== EXERCISE INSTRUCTIONS ==
Please restate the records below verbatim, omitting every image they hold.

[Data extracted from a collection]
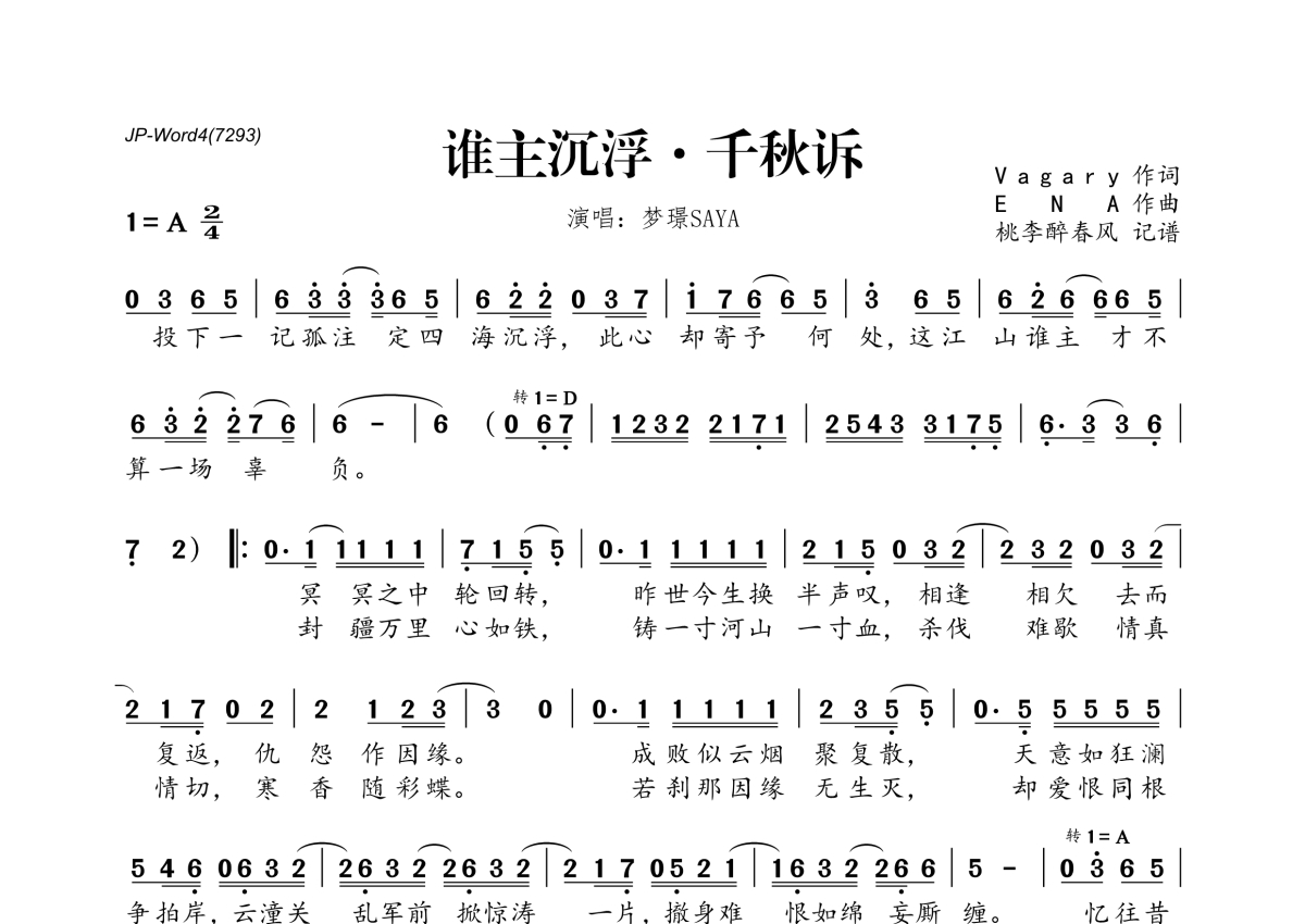 梦璟SAYA《谁主沉浮·千秋诉》简谱
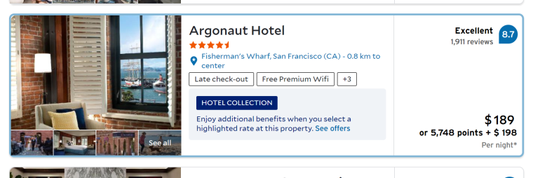 Here’s one property in San Francisco — the Argonaut Hotel, not far from Fisherman’s Wharf — available as part of the Hotel Collection. As you can see, the listing explicitly mentions late checkout and free premium Wi-Fi as a perk for this booking.
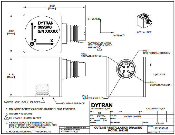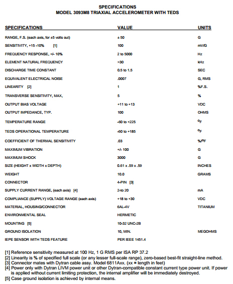 美國Dytran 3093M8加速度傳感器規(guī)范圖:
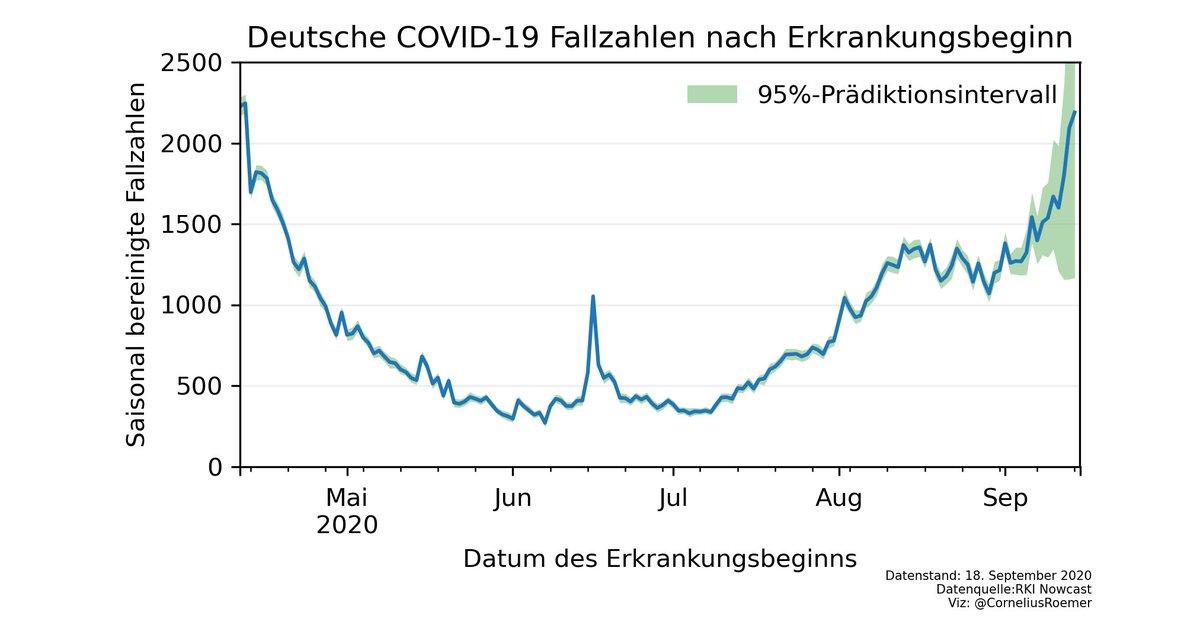 German laboratory-confirmed SARS-CoV-2 new infections after the onset of the disease, statistically adjusted for the typical weekly fluctuations, since mid-April.
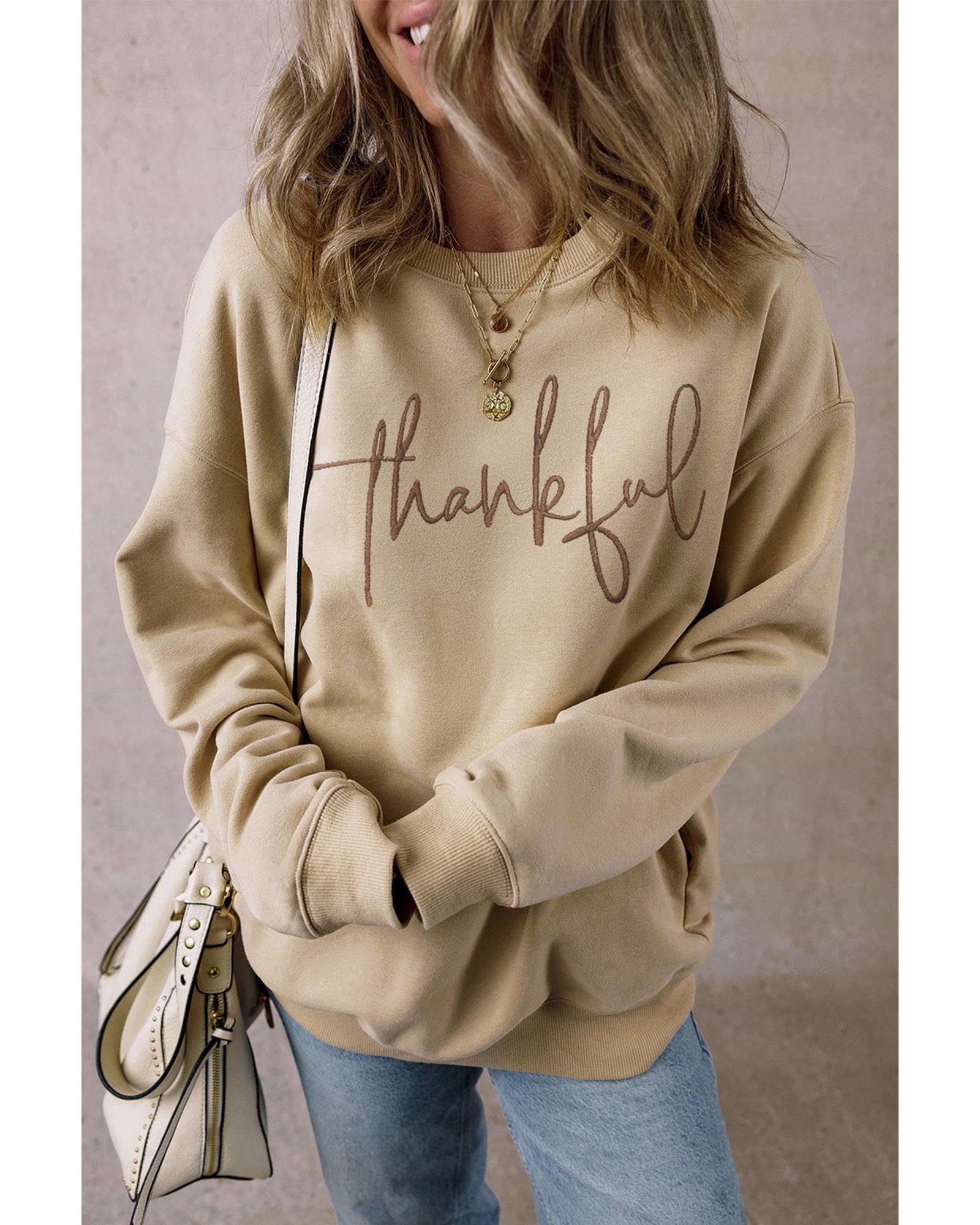 This embroidered drop shoulder pullover sweatshirt features a simple yet stylish design, perfect for expressing gratitude and suitable for casual wear. Its comfortable fit and trendy look make it an ideal choice for various occasions, especially during festive seasons.
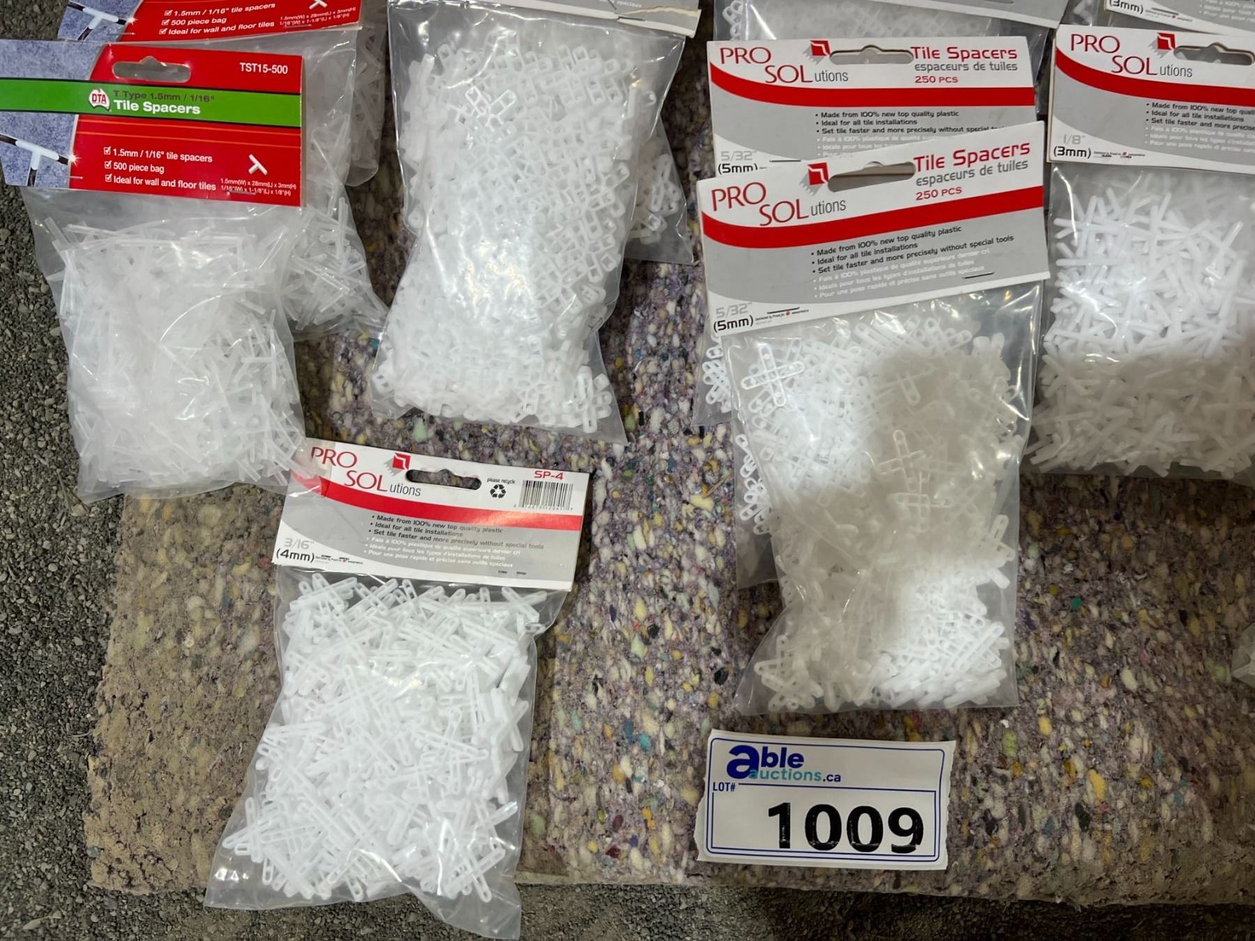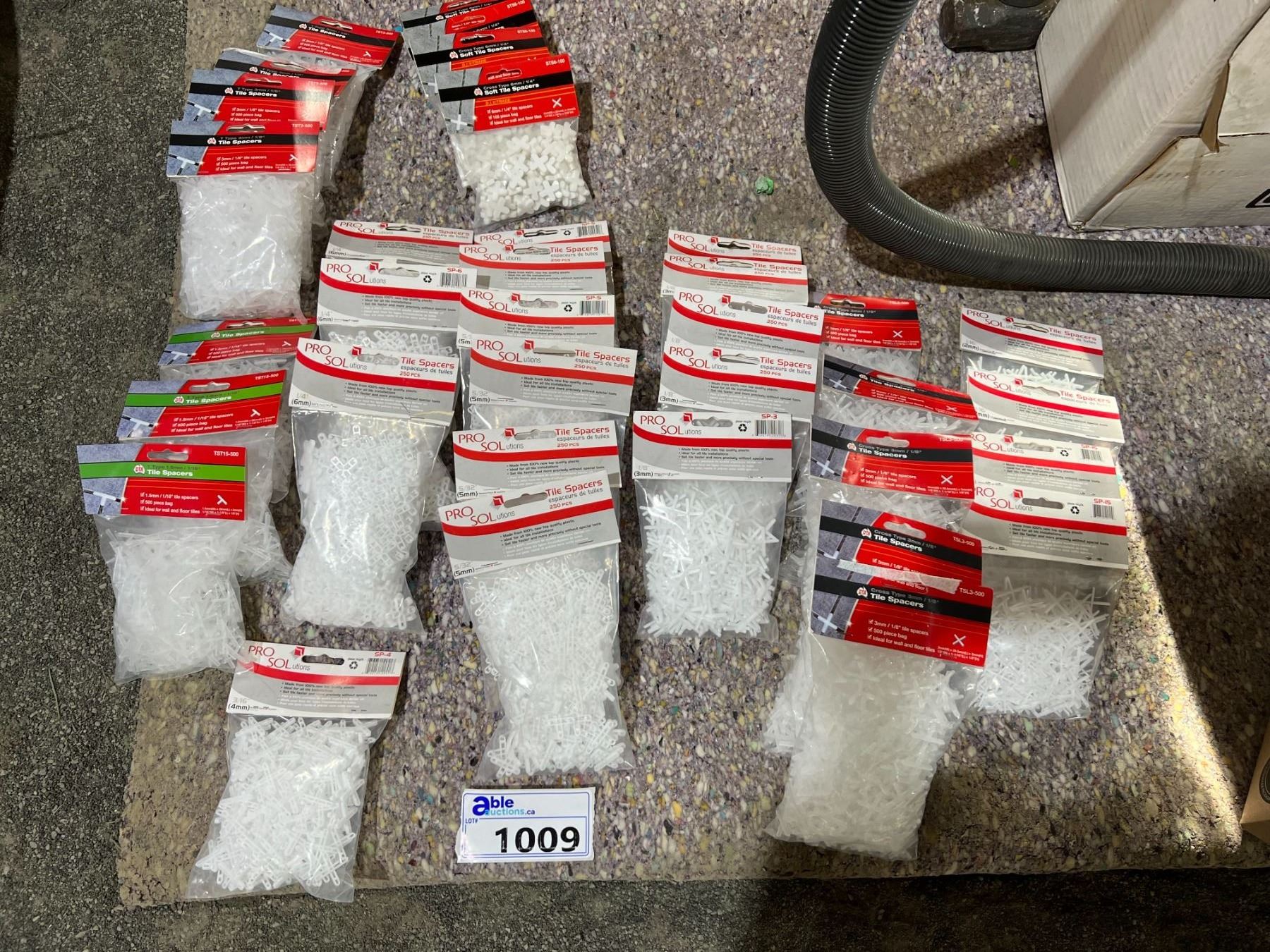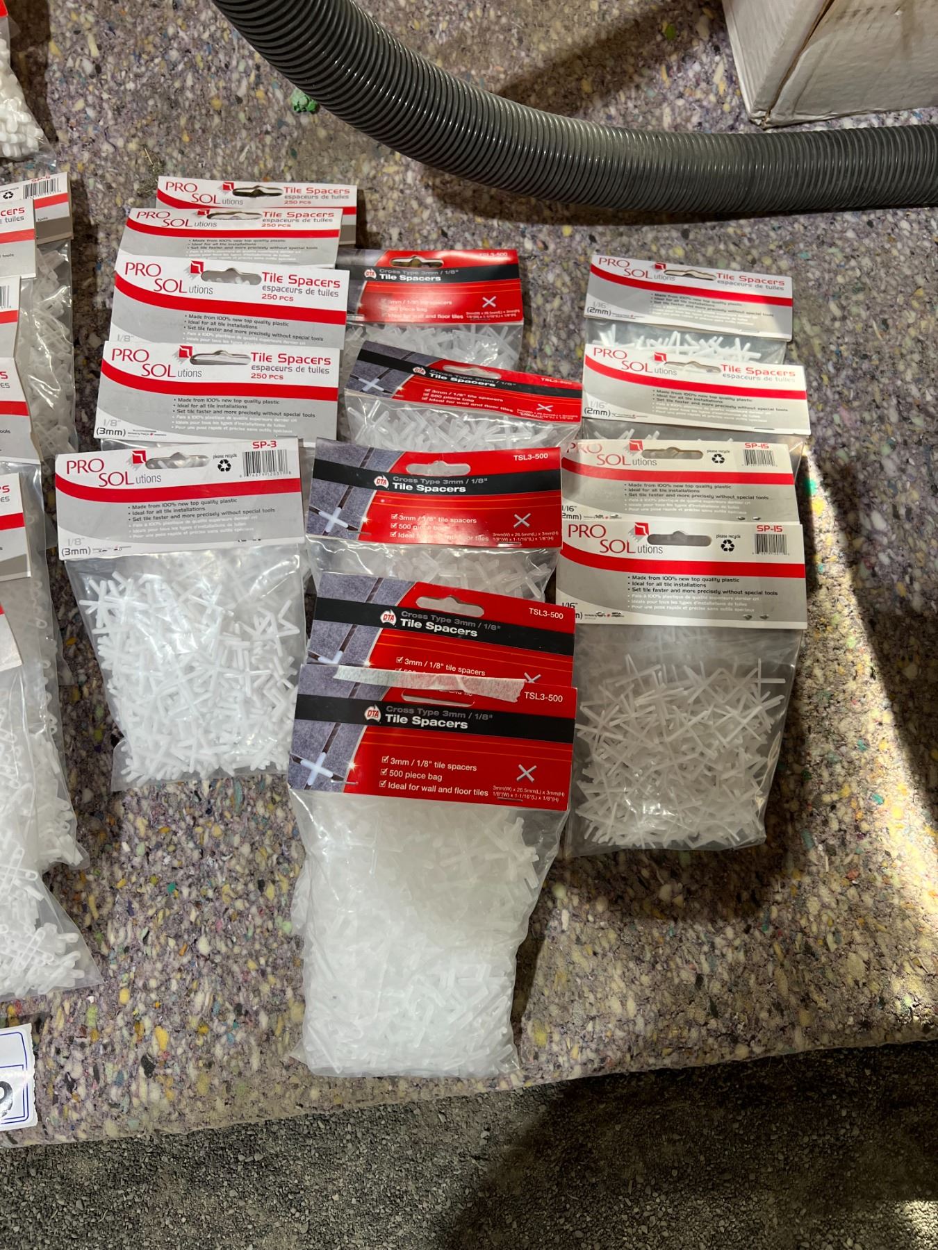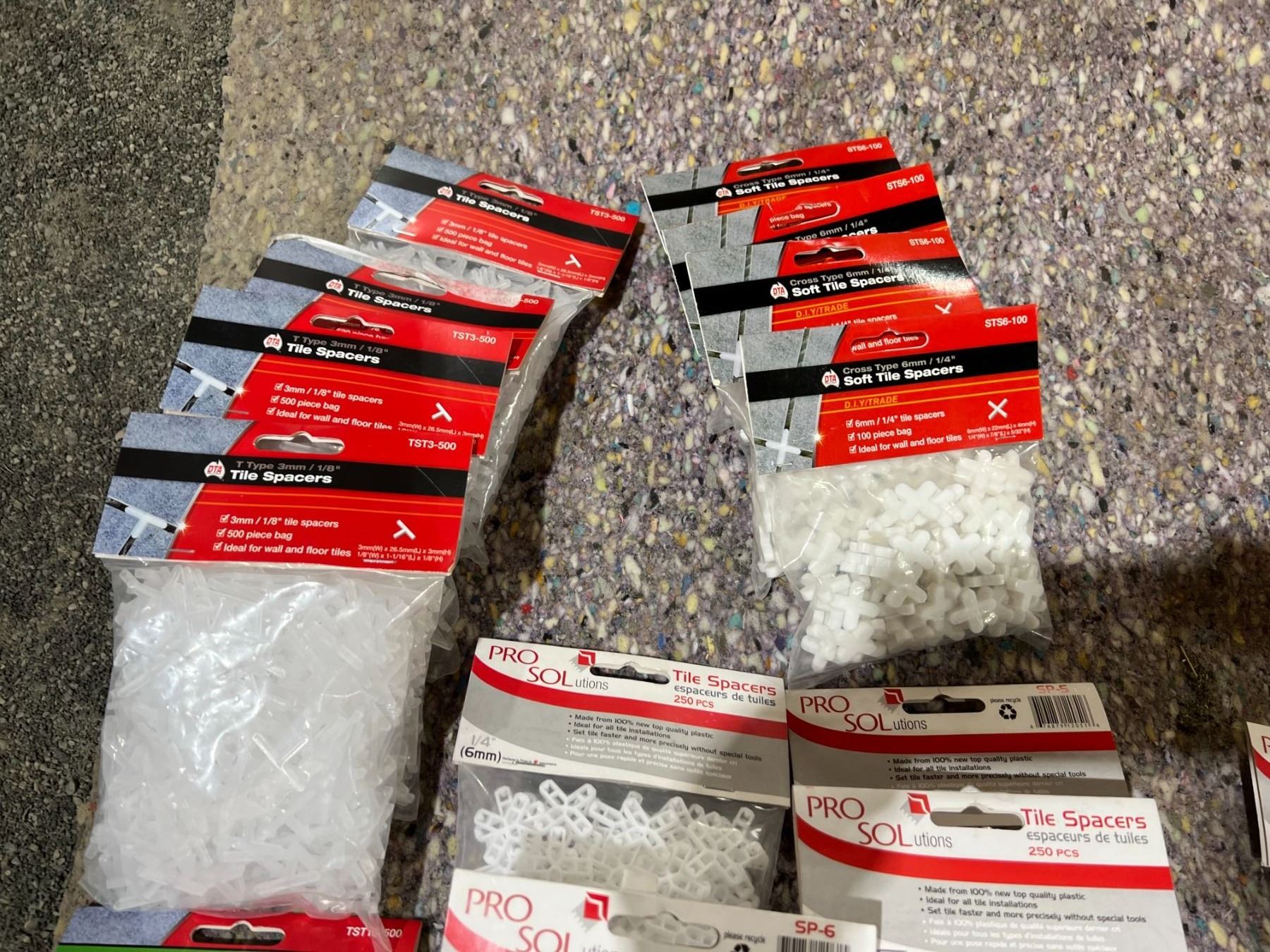 ASST STYLES TILE SPACERS. SIZE AND AMOUNTS SHOWN IN PHOTOS
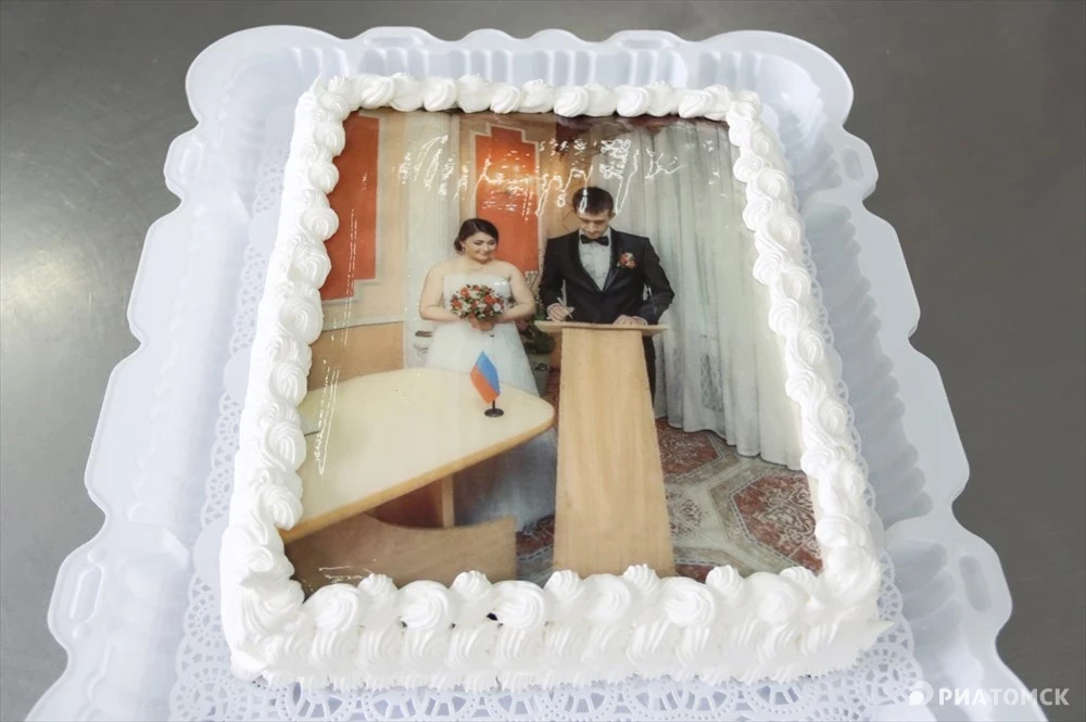 Это один из заказных тортов на годовщину свадьбы. Он выполнен по современной технологии – с помощью фотопечати на рисовой бумаге - и оформлен кремом из взбитых сливок.

== ANSWER SECTION ==
 梦璟SAYA《谁主沉浮·千秋诉》简谱
 Here’s one property in San Francisco — the Argonaut Hotel, not far from Fisherman’s Wharf — available as part of the Hotel Collection. As you can see, the listing explicitly mentions late checkout and free premium Wi-Fi as a perk for this booking.
 美國Dytran 3093M8加速度傳感器規(guī)范圖:
 German laboratory-confirmed SARS-CoV-2 new infections after the onset of the disease, statistically adjusted for the typical weekly fluctuations, since mid-April.
 This embroidered drop shoulder pullover sweatshirt features a simple yet stylish design, perfect for expressing gratitude and suitable for casual wear. Its comfortable fit and trendy look make it an ideal choice for various occasions, especially during festive seasons.
 ASST STYLES TILE SPACERS. SIZE AND AMOUNTS SHOWN IN PHOTOS
 Это один из заказных тортов на годовщину свадьбы. Он выполнен по современной технологии – с помощью фотопечати на рисовой бумаге - и оформлен кремом из взбитых сливок.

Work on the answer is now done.